O resultado será a contínua depreciação dos cuidados de fisioterapia e do próprio fisioterapeuta, a insatisfação do profissional com o consequente crescimento das suas ignomínia e inépcia baseadas na falta de prática de uma avaliação/intervenção coerentes, e a insatisfação do próprio cidadão, principalmente aquele que não quis (ou não pode) apostar financeiramente nos cuidados de fisioterapia. A insatisfação do cidadão, transformada em descrença na fisioterapia, levará a que o mesmo procure opções menos credíveis, quase sempre no seio de um mercado paralelo e ilegal.Agora que o Governo estabeleceu o novo projecto das redes de cuidados continuados, talvez se venham a lembrar das necessidades de reabilitação física de um povo progressivamente incapacitado.

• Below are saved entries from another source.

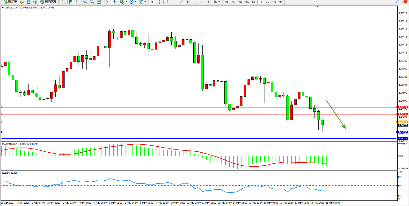 交易策略:1.24157下方看跌,目标1.23902 1.23737
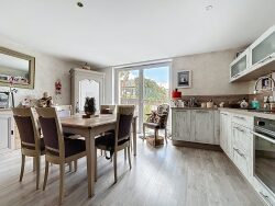 Situé dans un ancien corps de ferme entièrement rénové en 2014, l'appartement se compose d'un hall d'entrée, une cuisine ouverte sur le salon-séjour, un cellier, deux chambres, une salle de bain avec douche et meuble vasque, et un WC indépendant.
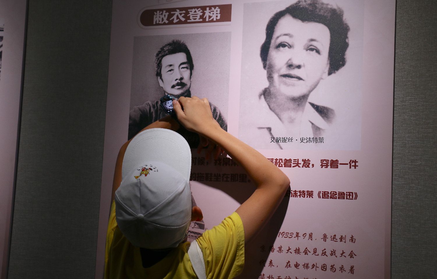 7月21日,华裔青少年用手表拍摄记录鲁迅画像。(图片来源:中新社)
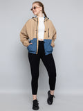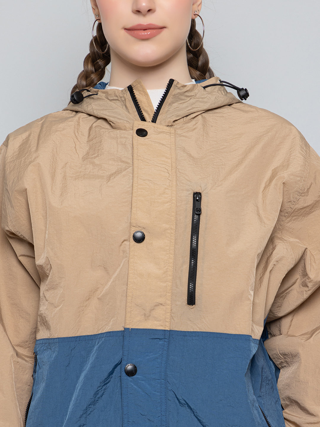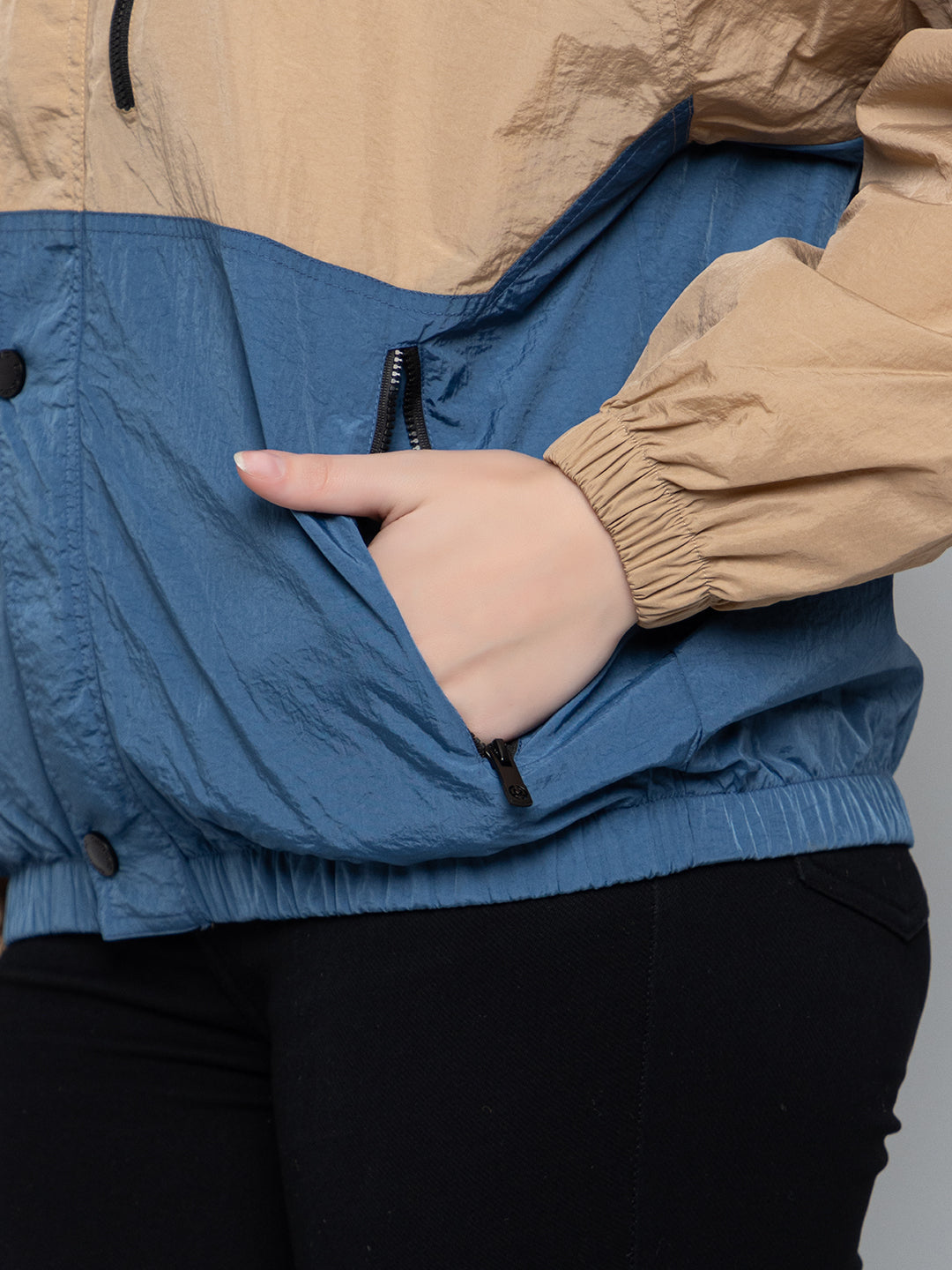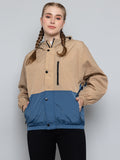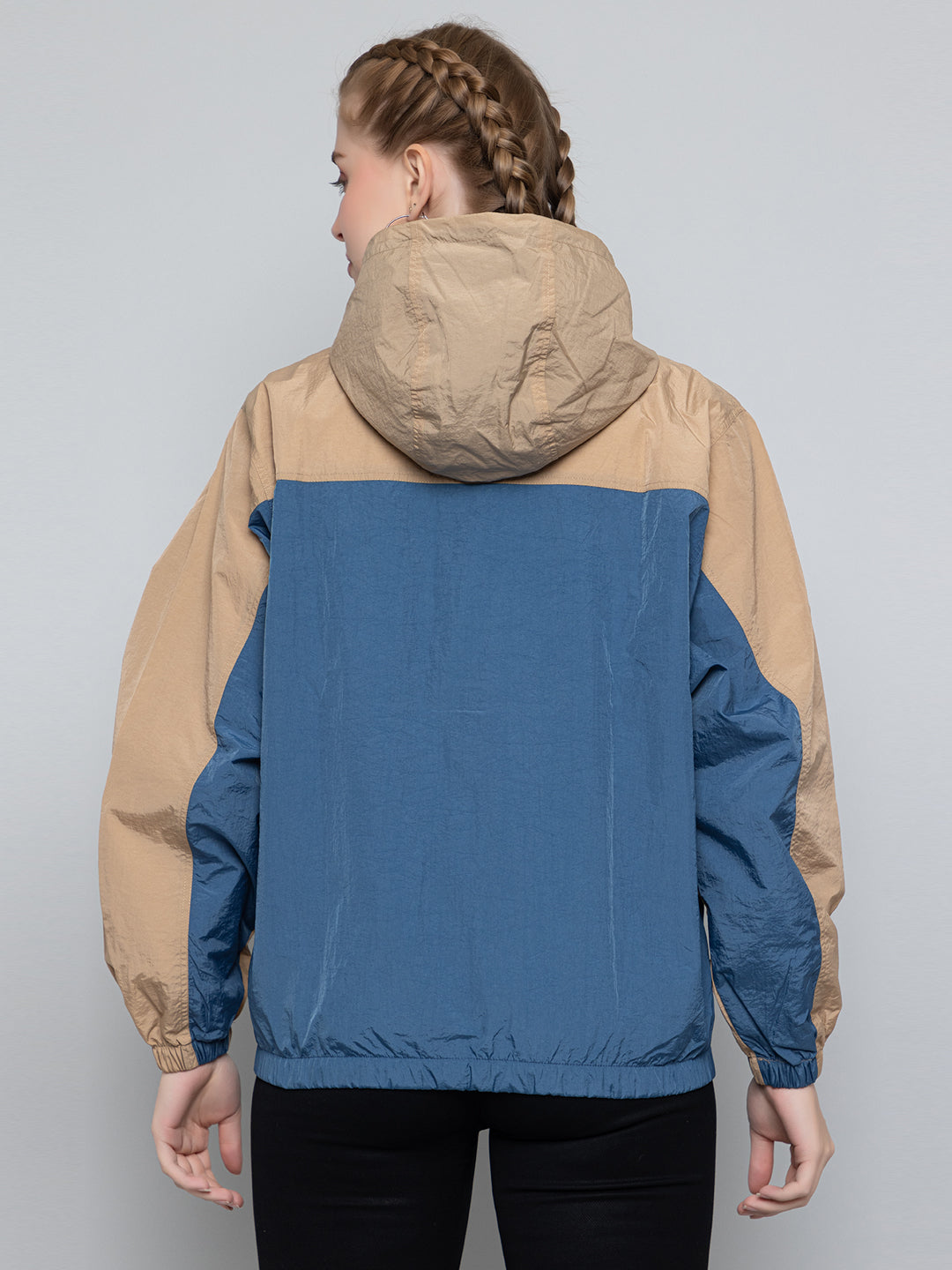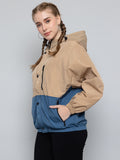 Women Colourblocked Hooded Windcheater Oversized Sports Jacket

É difícil ser-se fisioterapeuta! Mas mais difícil ainda é a sensação constante de nos sentirmos diferentes. Quando me refiro à minha diferença estou a falar da minha tendência para ser perfeccionista, para fazer as coisas tal como elas devem ser feitas, segundo o máximo que sabemos para ajudar as pessoas. Porém, todos os dias vão surgindo obstáculos: doentes difíceis, médicos fisiatras que pretendem sempre embotar a nossa criatividade, etc. Mas pior que tudo é o desrespeito! Chegamos ao ponto de que auxiliares de fisioterapia, sem qualquer formação superior, aliás sem qualquer formação que valha a pena referir, pensam que estão ao nosso nível ou mesmo que mandam em nós. É triste que não sejamos respeitados pelo que conseguimos ser e fazer.